The stars of TikTok stand out aesthetically and tonally from the plastic-smiled, brand-sponsored stars of Instagram. One TikTok user, who goes by the handle @queen.is.back.1—her second account, so named likely because she’s referred in comment sections as the “queen of TikTok”—has ended up repeatedly on the For You Page by posting videos of herself popping out of various hiding spots to the same song over and over again. Often, she’s in her McDonald’s-employee uniform, presumably on break or after a shift. The queen of TikTok always looks put together, but in every way possible she is the opposite of influencers like Marissa Fuchs. She has an identifiable, relatable job, one that doesn’t vaguely involve posting photos from the beach. And she looks like she’s genuinely having fun, using TikTok as an outlet from her daily grind. The result is an authenticity, goofy and unfiltered, and it has garnered her over 6 million likes and 423,500 followers.

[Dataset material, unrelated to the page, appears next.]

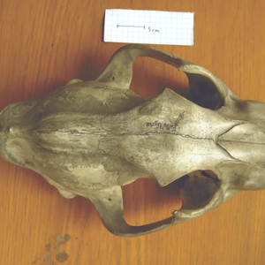 动物考古尤其关注虎的骨骼。虎全身骨骼有230—283块,一架完整的成年虎骨,一般质量在10千克左右(东北虎可达20千克)。各骨骼部位的特征比较明显,以头骨和下颌骨为例:虎的头骨略呈不规则的椭圆形,头骨的最高点位于额骨的中部,高度不小于头骨全长的50%,额骨高耸、中部显著下凹,脑颅明显向后倾斜,矢状嵴和人字嵴相接处(枕部)明显后突;下颌骨厚实,下缘平直,咬肌窝凹陷,冠状突很高,髁突宽大;上下颌共有牙齿30枚,齿式为3.1.3.1/3.1.2.1,犬齿发达强壮,呈圆锥状,齿尖稍向后弯,下颌第1臼齿呈凹形。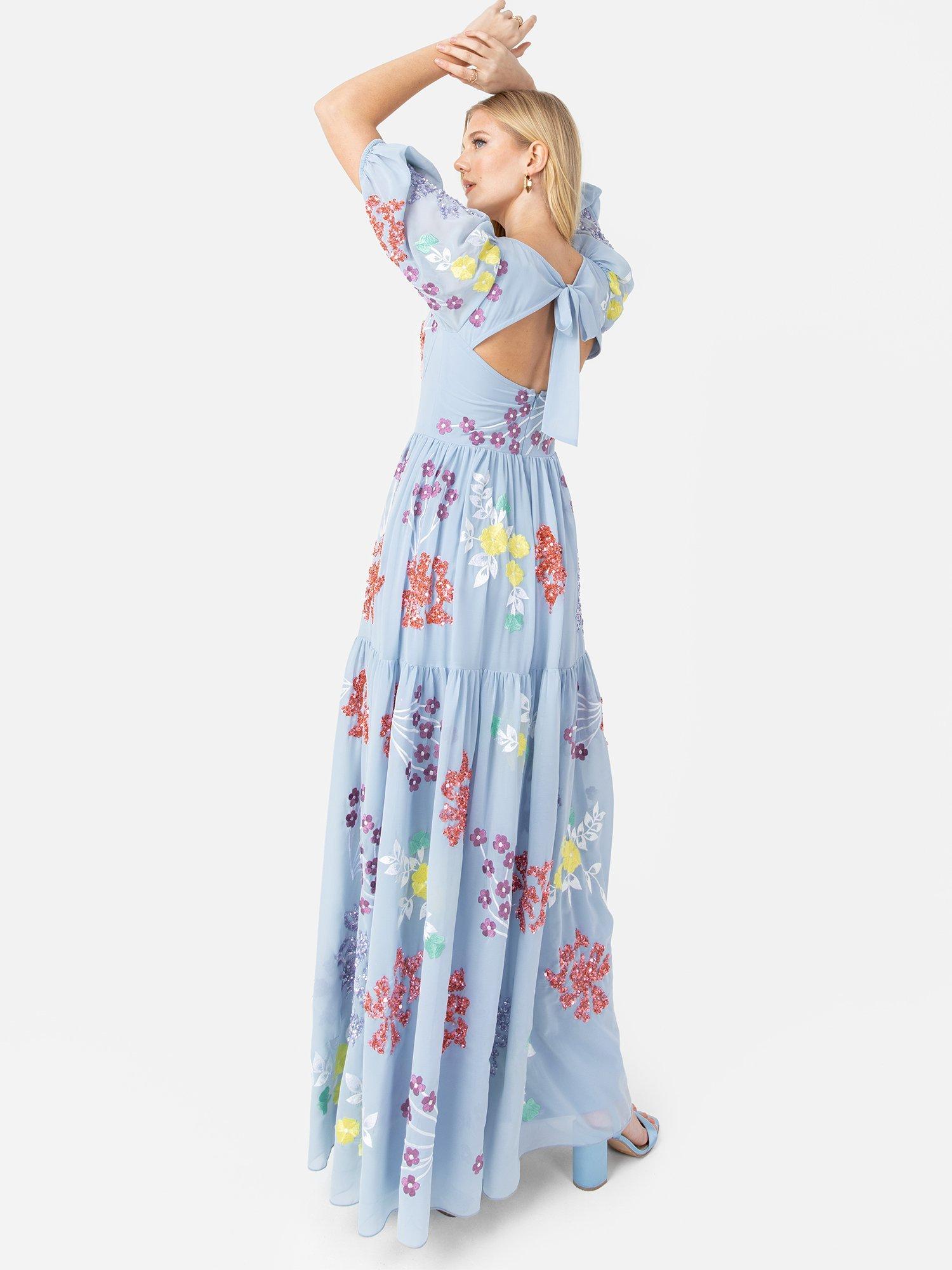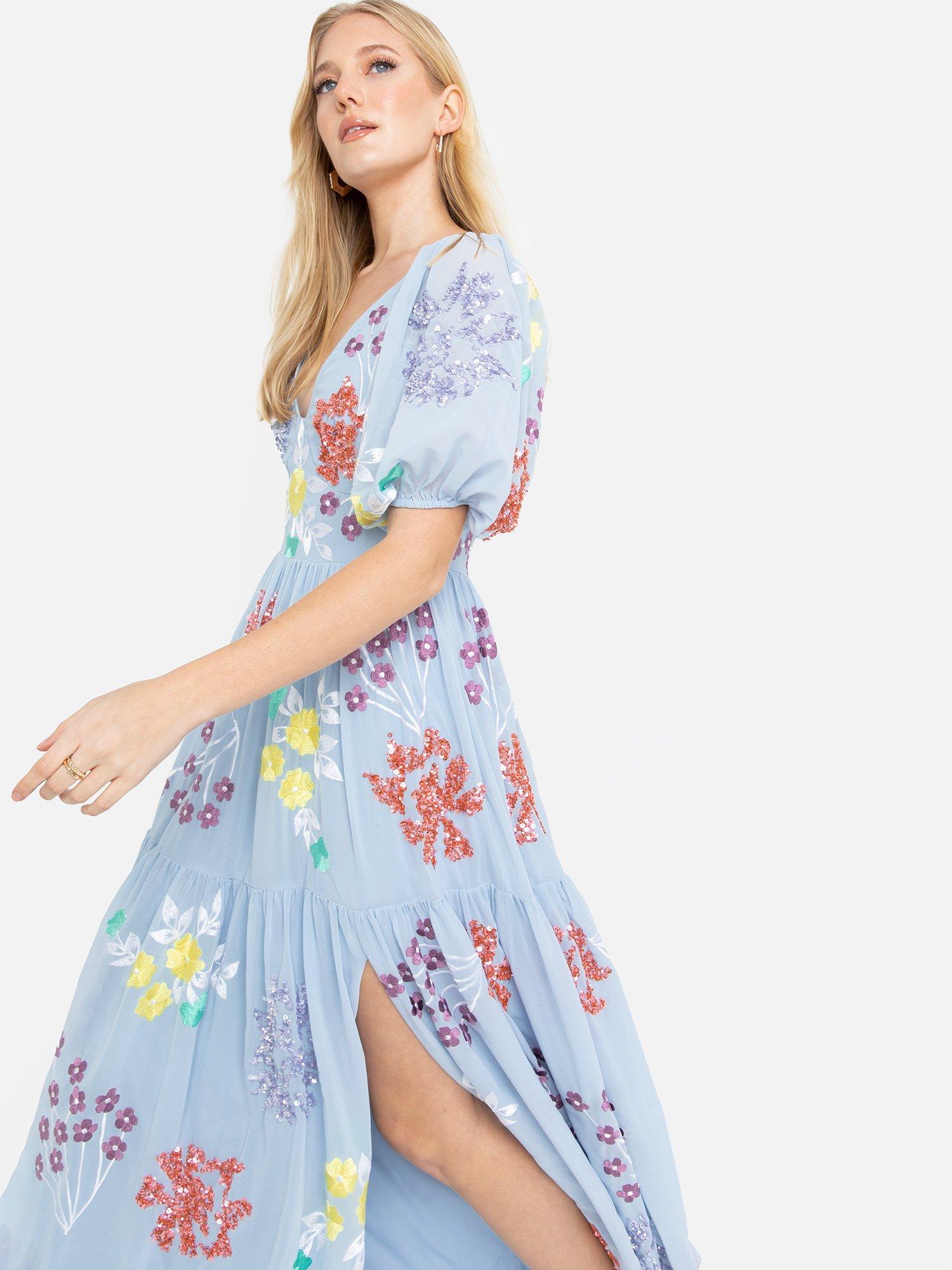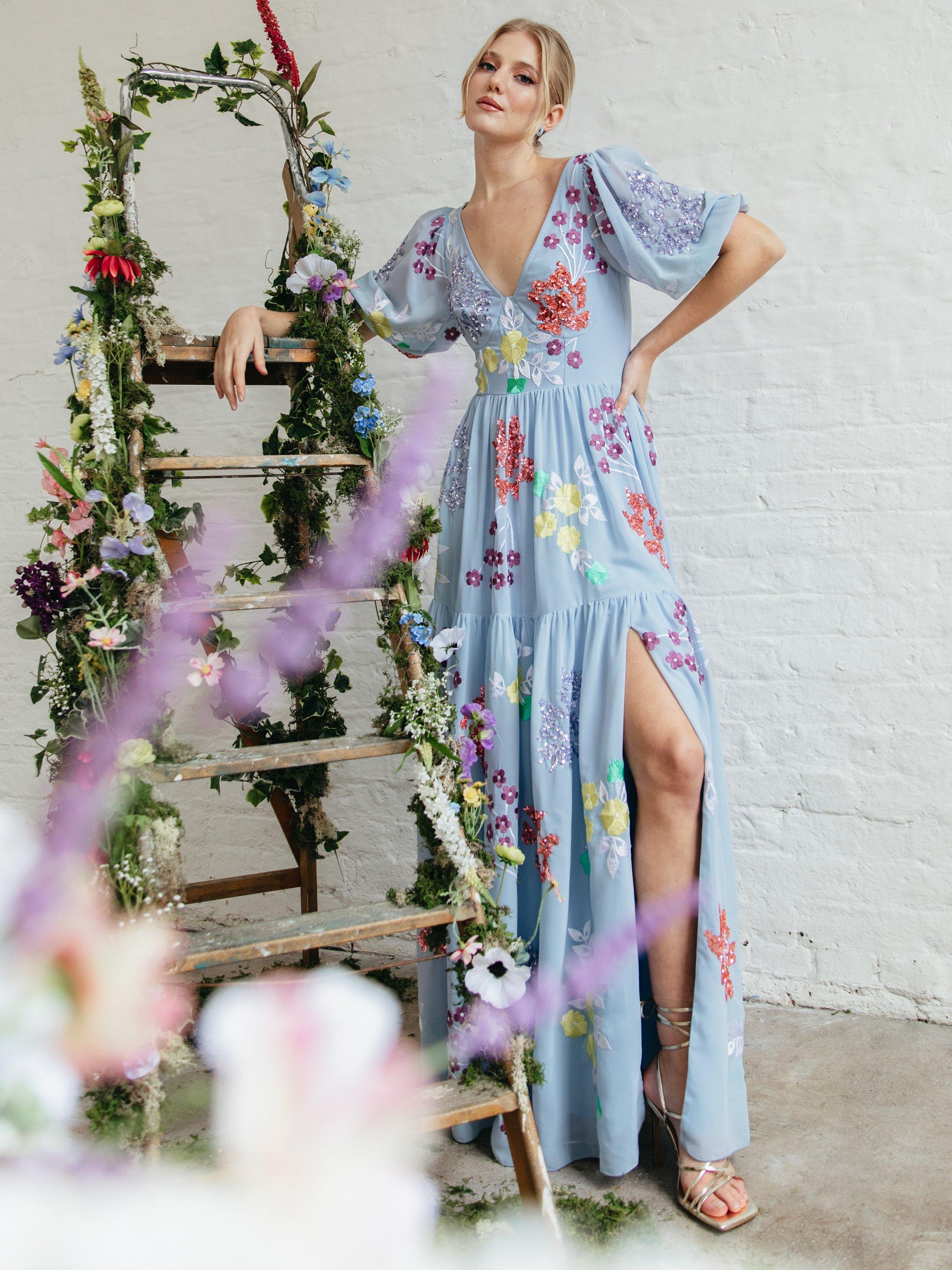 Upgrade your summer events repertoire with this floral maxi. Crafted on a summery base the A-line silhouette of this maxi is elevated by the mesmerising floral embroidery and sequin embellishment that runs from the puffed short sleeves and cupped bodice down to the thigh split skirt. Side slip on the skirt adds plenty of movement so you can stroll through the event with style.

A user launches the TikTok app. vishek Das/SOPA Images/LightRocket via Getty Images

The memes that trend on TikTok, and get users featured on the For You Page, also cater to a demographic tired of pseudo-celebrities pretending to have perfect lives. An audio that begins with the phrase “Middle-class check” has been recycled throughout the app with users showing components of their “middle-class” lives: average homes, cars, maybe a sink filled with dirty dishes. People on the app have interpreted middle-class differently, some houses are bigger than others, but in almost all of the 8,000 videos featuring this audio, the user takes ownership of their life as it really is, rather than how they’d like it to appear.

This is not to say that TikTok has avoided the curated aesthetics of influencer-types altogether. Many users have crossed over from other platforms (Instagram, YouTube and TikTok’s first iteration, Musical.ly) and brought their substantial followings with them. But with TikTok’s “duets”—response videos that appear alongside the original content—users are able to directly confront the presence of their more Photoshopped peers, and the results are popular. So when someone like Sebastian Bails, a hyper-tanned YouTuber who plays pranks on friends, posts a TikTok video to his 6 million followers, it’s almost guaranteed that another user will “duet” with him. In the “duet” they might question the authenticity of the prank or apply a meme that highlights the ridiculousness of his over-processed look. Reaction videos like these don’t need to come from someone with a massive following in order to get traction, they find their way to the For You Page, and to tens of thousands of likes, by resonating with people baffled with the inauthenticity of creators like Bails.

Despite the app’s surge in popularity, TikTok still feels untamed and less like the brand marketplace that Instagram and YouTube have become. It also lacks the overbearing social component of apps like Facebook (META), where a mom or aunt’s prying eyes are always lurking. For the most part, people feel safe to be weird, messy and themselves on the app. In order to  maintain success, the app will have to thread the needle between producing revenue by expanding advertising (which they have already begun to do) and maintaining the app’s creative components—without turning into the brand-driven ecosystem that had users growing tired of its competitors in the first place.